Micro tracer - I think that's it. Actually, I had an old Tektronix tube-based scope that would curve trace tubes. It weighed about 200 pounds as I remember.
Curve tracers are hard to use well. You have to do a lot of mental interpolation and curve fitting to do the more useful things right. They're GREAT for finding voltage breakdowns and such. The actual plate or grid curves of a tube are not all that helpful in themselves. You'd be looking for the grid-cathode voltage that gave X plate current and Y screen current. It's simpler for the user, if not the instrument, to be presented a value of Vgs that gives a value of Ip, along with the identifying tube label number. The info is there on the tracer curves, of course, but you have to learn to squint it out.
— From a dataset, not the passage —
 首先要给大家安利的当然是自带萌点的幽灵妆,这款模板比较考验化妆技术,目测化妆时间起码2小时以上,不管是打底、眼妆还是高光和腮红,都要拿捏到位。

I like the idea of running a bunch of data points and storing that info in a file. Today, using a megabyte of storage per tube is pretty trivial, and that's probably way more than you really need. I guess I ought to do some boundary calculations for how much data is really needed. These days, you can get a terabyte for $35-$50, so keeping a lot of data is cheaper than a few hours of human time.
After scanning (is there a better word?) a box of 50 6L6s (and labeling each one with a number so you can later tell them apart), you can simply tell your machine, through perhaps a C or Basic program, to find you the best pairs, quads, hexes, and so on, and list them out for you. You could use some advanced stuff like saying that Vgs @ 50ma (or Ip at -35V) is within X%, gm is within Y%, [something else you compute] is withing Z%, and have it spit out the likeliest candidates.
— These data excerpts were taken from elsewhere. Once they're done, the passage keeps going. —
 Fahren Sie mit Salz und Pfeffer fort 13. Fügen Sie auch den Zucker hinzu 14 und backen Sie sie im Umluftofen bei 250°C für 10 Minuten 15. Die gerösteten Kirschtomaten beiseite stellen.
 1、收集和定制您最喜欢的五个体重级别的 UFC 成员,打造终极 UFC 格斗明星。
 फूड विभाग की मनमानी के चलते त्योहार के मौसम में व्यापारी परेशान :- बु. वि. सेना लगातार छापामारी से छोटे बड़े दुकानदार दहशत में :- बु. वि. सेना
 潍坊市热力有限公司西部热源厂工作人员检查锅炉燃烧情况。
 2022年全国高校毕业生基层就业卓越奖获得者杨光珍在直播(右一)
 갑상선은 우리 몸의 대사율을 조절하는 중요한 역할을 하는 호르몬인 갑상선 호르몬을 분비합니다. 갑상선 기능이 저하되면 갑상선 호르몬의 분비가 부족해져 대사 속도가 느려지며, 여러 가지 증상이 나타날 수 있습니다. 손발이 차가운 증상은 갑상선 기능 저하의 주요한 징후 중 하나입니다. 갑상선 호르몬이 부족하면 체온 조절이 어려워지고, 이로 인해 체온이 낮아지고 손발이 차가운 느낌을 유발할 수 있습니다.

I can't imagine how a tube "matching" service would not do something like that, unless they just never think of it.
The truly bad problem is the spread of characteristics. The things that are good about a tube - emission current per heater voltage, gm, Ip vs Vgs, etc. all have some statistical spread. The spread is almost certainly close to a normal distribution for each run of tubes, and for each manufacturer over many runs. Keeping a lot of data on the tubes you rapidly get to the point where you can tell the machine (through that C or Basic program again) to tell you the actual distribution including things like the standard deviation. That tells you how far apart you can expect the NEXT tube to be from the ones you've already measured, and can be used to tell you what % of tubes will be within X% of each other for matching, and which are simply too widely distributed.
In the case of an old-school kind of shop, someone with an emission tube tester and a bias fixture can test a tube every ten seconds or so as long as the human plugging them in, turning on the tester, then writing down the results, doesn't get tired. I bet that out of a box of tubes, they would decide on a measurement criteria that made 80% or more of them be "matched" close enough, and sell all the outliers if matching was not requested. Human shopkeepers are fairly predictable in some ways.
As for solid state devices to test tubes - actually, it's a version of there being justice in the universe, with billions (literally, if you count the CPUs and memory) of tiny silicon devices paying homage to their thermionic ancestors.